9. 33 U.S.C. § 1321(b)(3); see also Pepperell Assocs. v. United States EPA, 246 F.3d 15 (1st Cir.2001) (administrative penalties under 33 U.S.C. § 1321) (oil traversed third-party culvert); Union Petroleum Corp. v. United States, 651 F.2d 734 (Ct.Cl.1981) (reimbursement provision under 33 U.S.C. § 1321) (oil ran across third-party rail line); Pryor Oil Co., Inc. v. United States, 299 F.Supp.2d 804 (E.D.Tenn.2003) (action under 33 U.S.C. § 1321(c)) (oil “ran down hillside”); In re D & L Energy, Inc., V–W–13 C–006 (EPA ALJ Feb. 27, 2013) (administrative penalties under 33 U.S.C. § 1321) (unpublished) (pollutant traversed storm sewer); In re Philadelphia Macaroni Co., CWA–III–187 (EPA ALJ May 28, 1998) (administrative penalties under 33 U.S.C. § 1321) (unpublished) (oil traversed field and ran into unnamed creek).
10. Kelly v. United States EPA, 203 F.3d 519, 522 (7th Cir.2000) (“Civil liability under the Clean Water Act, therefore, is strict.”); United States v. Coastal States Crude Gathering Co., 643 F.2d 1125, 1127 (5th Cir. Unit A Apr. 1981) (referring to civil penalties in what is now 33 U.S.C. § 1321(b)(6), which uses the same liability standard as § 1321(b)(7)); Sierra Club, Mineral Policy Ctr. v. El Paso Gold Mines, Inc., No. A. 01 PC 2163 OES, 2002 WL 33932715, at *11 (D.Colo. Nov. 15, 2002) (rejecting argument that a defendant must “actively” contribute to a spill before liability may be imposed).
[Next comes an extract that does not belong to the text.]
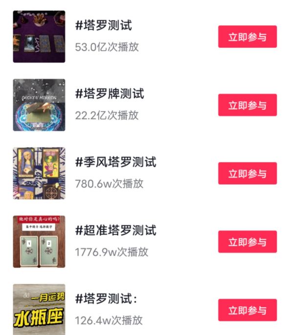 这些内容,在算法随机推送的机制加持下,曾经狂热地催促过无数人在短短几分钟的占卜中,找到决定人生方向的答案。短视频内关于#塔罗测试# #塔罗牌测试# 的话题热度一度居高不下,播放量均高达几十亿次。

11. E.g., Coastal States Crude, 643 F.2d at 1128 (reducing penalty in enforcement order due to lack of fault); United States v. Egan Marine Corp., No. 08 C 3160, 2011 WL 8144393, at *5–6 (N.D .Ill. Oct. 13, 2011) (explaining that the majority of circuits have concluded that the imposition of penalties is mandatory); United States v. General Motors Corp., 403 F.Supp. 1151, 1165 (D.Conn.1975) (finding that liability was mandatory but fine of $1 was appropriate where no fault shown); cf. United States v. Scruggs, No. G–06–776, 2009 WL 500608, at *6 (S.D. Tex. Feb. 26 2009) (imposing fine of $65,000 where over $1 million was authorized by statute).
12. Compare 33 U.S.C. § 1321(g) (allowing subrogation of removal costs where discharge was “caused solely by an act or omission of a third party”), with id. § 1321(b) (making no mention that such an option is available vis-à-vis civil-penalty liability).
13. We do not adopt the district court's interpretation of § 1321(b)(7)(A) to the extent that such an interpretation differs from our own. Further, we express no opinion as to any other issues addressed in the district court's order.